Data in this exercise:

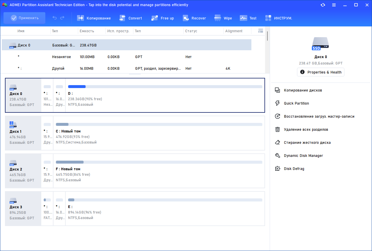 - Поддержка работы с динамическими дисками и управление ими через встроенный AOMEI Dynamic Disk Manager Pro;
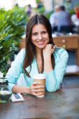 młoda kobieta siedząca w kawiarni, przy filiżance herbaty
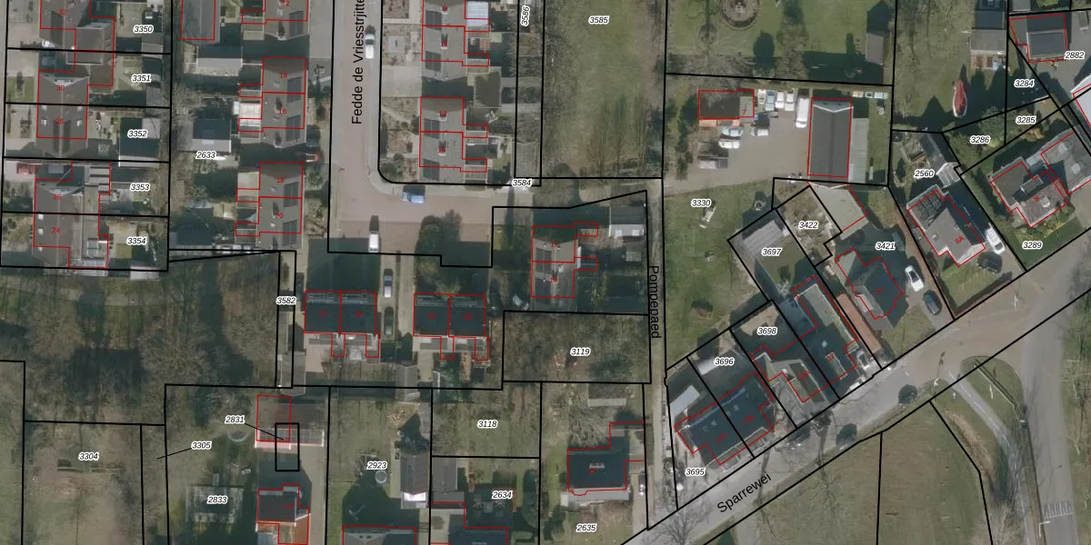 Het perceel waarop Fedde de Vriesstrjitte 19 staat heeft een oppervlakte van 4445 m². Dit is een zeer groot perceel. De perceeloppervlakte wordt geregistreerd door het Kadaster. Gedetailleerde informatie over de maten van dit perceel kunt u vinden in het rapport Kadastrale kaart met maatvoering van Fedde de Vriesstrjitte 19.
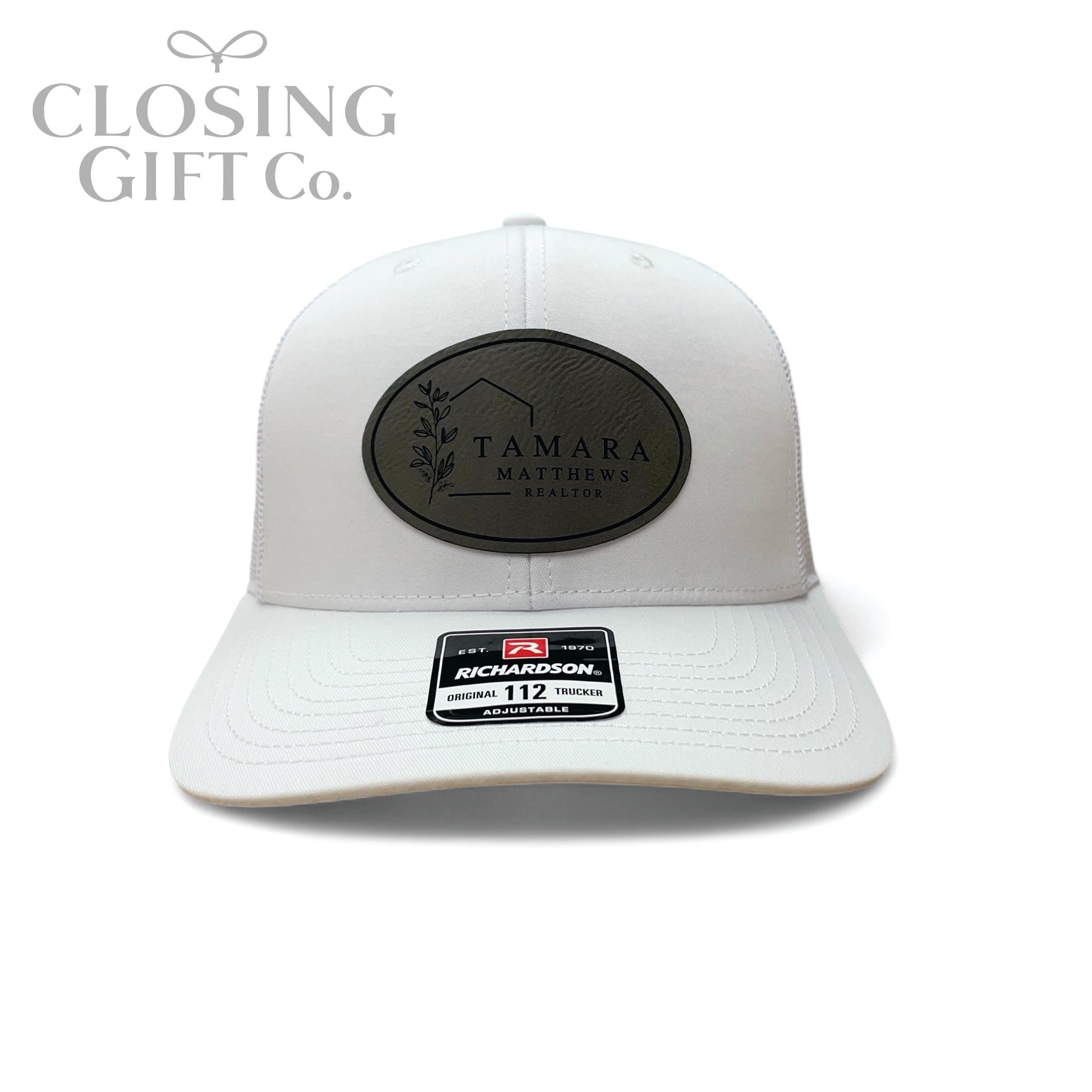 Richardson Trucker Hat with Custom Engraved Vegan Leather Patch.
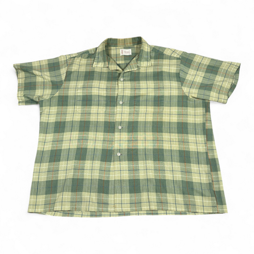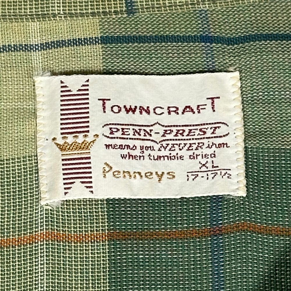 Vintage Towncraft Shirt Adult EXTRA LARGE Green Plaid JC Penneys Loop Camp 60s
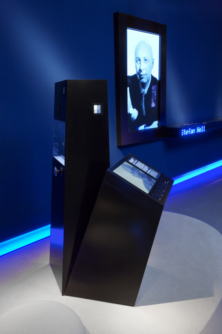 Die Innovation wurde in einem Kubus, der mit Gucklöchern ausgestattet war, dargestellt. Sie sollten die Besucher*innen neugierig auf diesen neuen Mikrokosmos machen. Durch sie wurde der Blick auf mikroskopisch dünne Schichtsysteme und winzige Magnetfeldsensoren eröffnet.
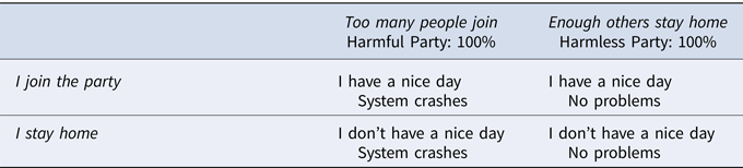 In Harmful Party, you might think: why not join too since disaster is already on its way and I might as well enjoy the party? Indeed, if you know that too many others are joining already (causing the health care system to crash), then the only difference between you joining too and you staying at home will be whether you have a nice day or not. Similarly, in Harmless Party, if you know that the threshold will never be met, again the only difference will be whether you have a nice day or not.
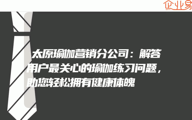 - 太原瑜伽营销分公司:解答用户最关心的瑜伽练习问题,助您轻松拥有健康体魄
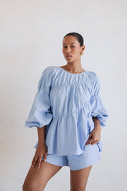 *THIS IS A SAMPLE* I am a one off Sabo sample of the Akel Top - Blue. As I was worn in a photo shoot, I have light soiling inside my neckline. I cannot be returned, so I'm all yours to love and wear as your very own.
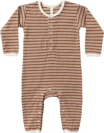 Slim stripes enliven this playtime-ready rib-knit romper designed with snaps at the front and between the legs for easy changes.
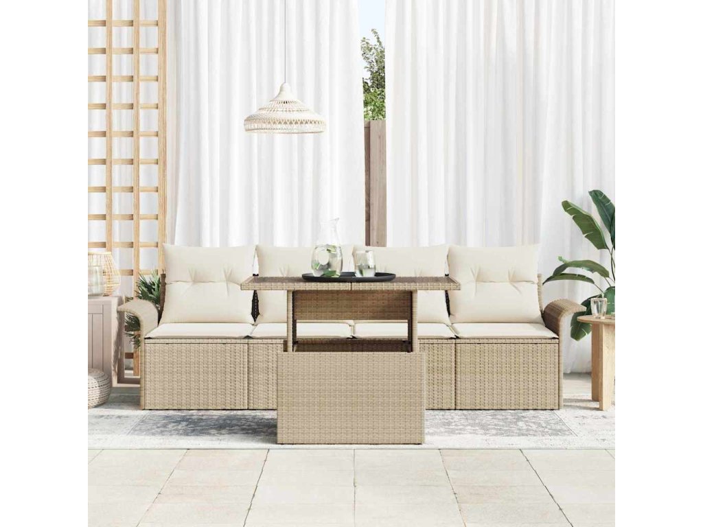 Sada zahradních pohovek s polštářem 5 pcs Béžová Poly Ratan 3356924
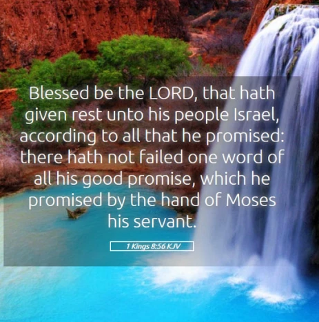 Not one word has failed of all your good promise, 1 Kings 8:56(ESV) which you have promised to David your servant and to Israel your people. 1 Kings 8:66(ESV)
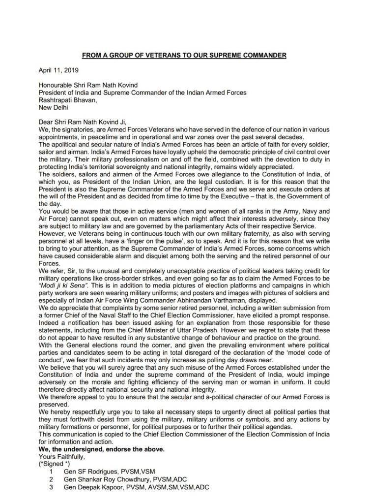 राष्ट्रपति को पत्र लिखने वालों में पूर्व जनरल एसएफ रोड्रिग्स, पूर्व जनरल शंकर राय चौधरी, पूर्व जनरल दीपक कपूर और पूर्व वायुसेना प्रमुख एनसी सूरी शामिल हैं। राष्ट्रपति को लिखे पत्र में पूर्व सैन्य अफसरों ने शिकायत की है कि सेना देश की है किसी पार्टी की नहीं। पत्र में नेताओं की ओर से सैन्य पराक्रम का श्रेय लेने का विरोध जताया गया है। राष्ट्रपति और चुनाव आयोग को चिट्ठी लिखने वालों में 8 पूर्व चीफ ऑफ स्टाफ के नाम शामिल हैं।
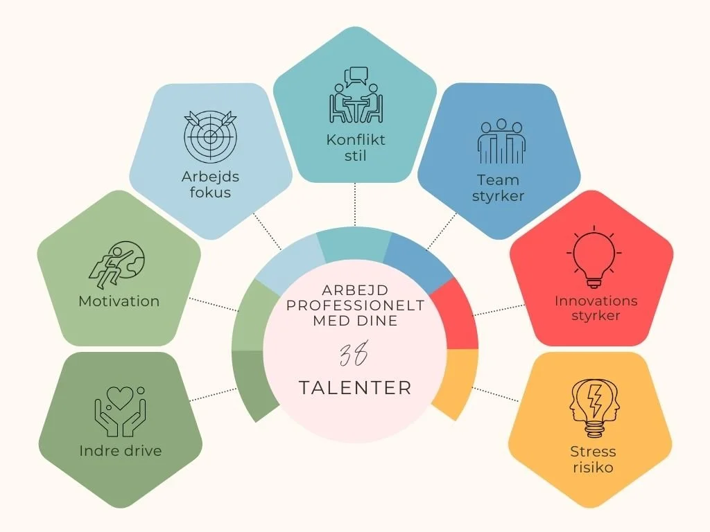 Med en TT38® Talent Test, kommer du til at arbejde i dybden med din unikke og personlige talentsammensætning, både dine toptalenter og dine non-talenter. Du får blik for, hvilke opgaver, der giver dig energi og gør dig effektiv og hvilke opgaver, der dræner dig for energi og gør dig mindre produktiv. Du får indsigt i og forståelse for dine kognitive evner og mønstre, din indre drivstyrke, din motivationsstyrke, din konfliktstil, din teamstyrke og din stressrisiko. Det er gode kort at have på hånden, når du ønsker at arbejde med din personlig udvikling, med medarbejder- og ledelsesudvikling, arbejdsglæde, karriere og med jobsøgning.
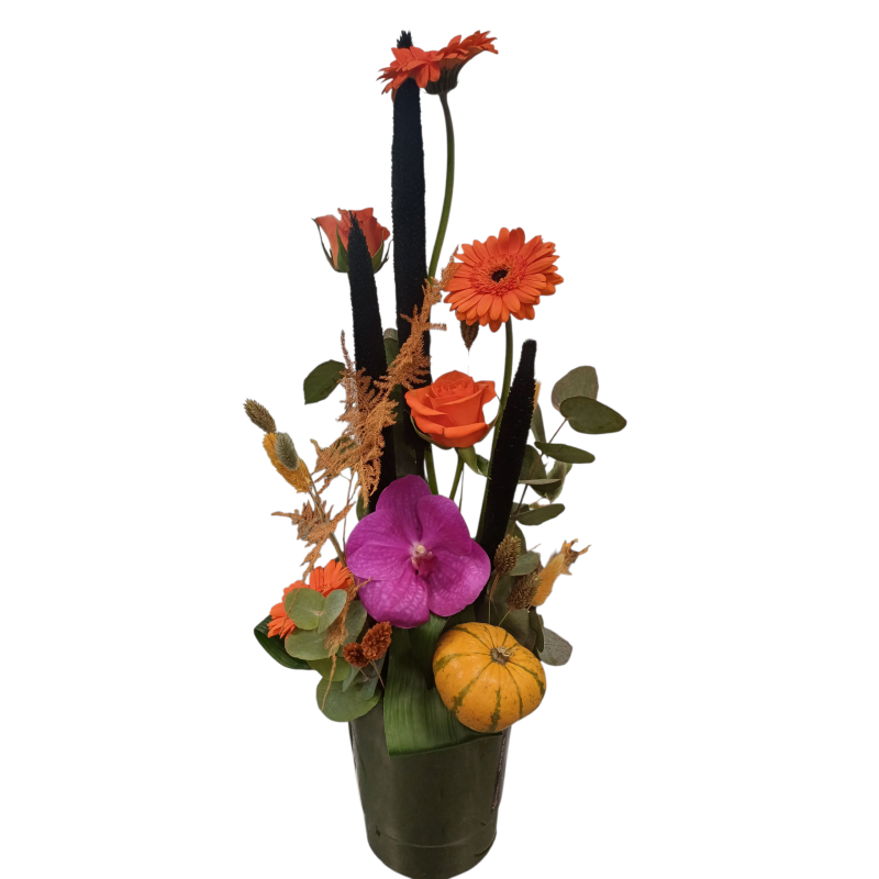 Craquez pour ces couleurs d'automne, cette composition est piquée dans de la mousse hydrophile, un verre d'eau tous les 2-3 jours est important pour maintenir la fraicheur des fleurs.

Task prompt: Using the data above, set down each line from the line with "Richardson Trucker Hat" to the line with "- 太原瑜伽营销分公司:解答用户最关心的瑜伽练习问题,助您轻松拥有健康体魄" exactly, both ends included, and leave the pictures behind. Nothing else belongs.

Answer section:
 Richardson Trucker Hat with Custom Engraved Vegan Leather Patch.
 Vintage Towncraft Shirt Adult EXTRA LARGE Green Plaid JC Penneys Loop Camp 60s
 Die Innovation wurde in einem Kubus, der mit Gucklöchern ausgestattet war, dargestellt. Sie sollten die Besucher*innen neugierig auf diesen neuen Mikrokosmos machen. Durch sie wurde der Blick auf mikroskopisch dünne Schichtsysteme und winzige Magnetfeldsensoren eröffnet.
 In Harmful Party, you might think: why not join too since disaster is already on its way and I might as well enjoy the party? Indeed, if you know that too many others are joining already (causing the health care system to crash), then the only difference between you joining too and you staying at home will be whether you have a nice day or not. Similarly, in Harmless Party, if you know that the threshold will never be met, again the only difference will be whether you have a nice day or not.
 - 太原瑜伽营销分公司:解答用户最关心的瑜伽练习问题,助您轻松拥有健康体魄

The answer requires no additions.